◆ Data provided ◆
• • • •
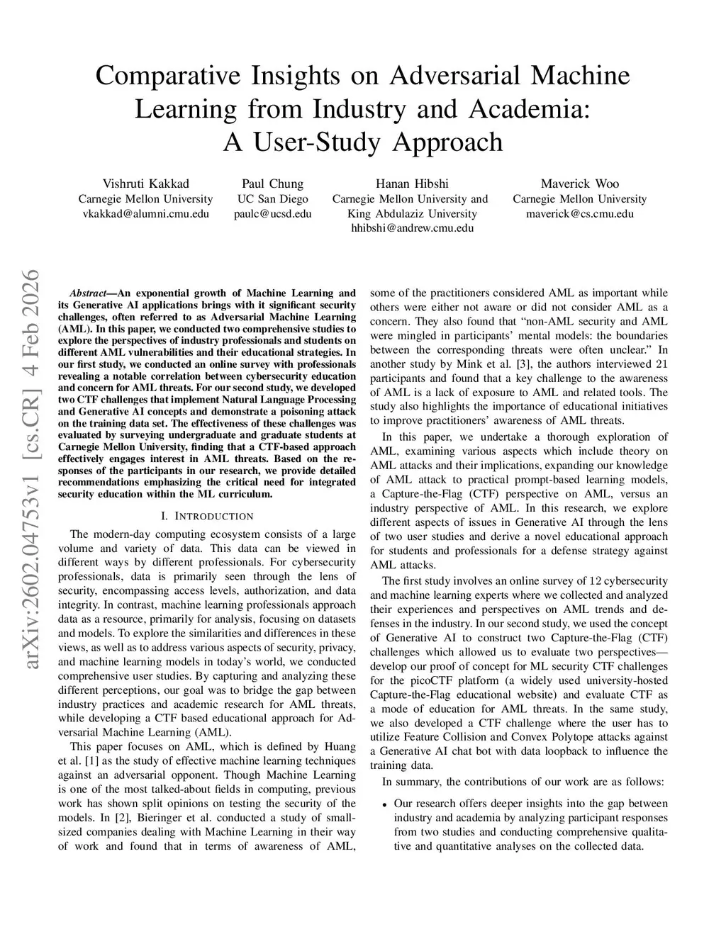 Comparative Insights on Adversarial Machine Learning from Industry and Academia: A User-Study Approach
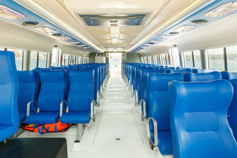 BlueWater Express IX was launched in 2017, this fast boat is powered by six 250hp Honda engines, reaching speeds of up to 35 knots. Operated by a crew of 8, it features a sun deck and a comfortable ventilated cabin. All necessary safety equipment is provided on board.
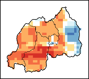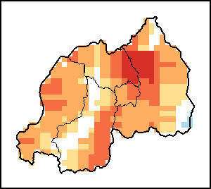 The Normalized Difference Vegetation Index (NDVI) measures the “greenness” of ground cover and is used as a proxy to indicate the density and health of vegetation. NDVI values range from +1 to -1, with high positive values corresponding to dense and healthy vegetation, and low and/or negative NDVI values indicating poor vegetation conditions or sparse vegetative cover. The NDVI anomaly indicates the variation of the current dekad to the long-term average, where a positive value (for example 20 percent) would signify enhanced vegetation conditions compared to the average, while a negative value (for instance -40 percent) would indicate comparatively poor vegetation conditions.
• • • •
Before you finish, make sure every line above has been repeated exactly and no picture remains in the copy.

 Comparative Insights on Adversarial Machine Learning from Industry and Academia: A User-Study Approach
 BlueWater Express IX was launched in 2017, this fast boat is powered by six 250hp Honda engines, reaching speeds of up to 35 knots. Operated by a crew of 8, it features a sun deck and a comfortable ventilated cabin. All necessary safety equipment is provided on board.
 The Normalized Difference Vegetation Index (NDVI) measures the “greenness” of ground cover and is used as a proxy to indicate the density and health of vegetation. NDVI values range from +1 to -1, with high positive values corresponding to dense and healthy vegetation, and low and/or negative NDVI values indicating poor vegetation conditions or sparse vegetative cover. The NDVI anomaly indicates the variation of the current dekad to the long-term average, where a positive value (for example 20 percent) would signify enhanced vegetation conditions compared to the average, while a negative value (for instance -40 percent) would indicate comparatively poor vegetation conditions.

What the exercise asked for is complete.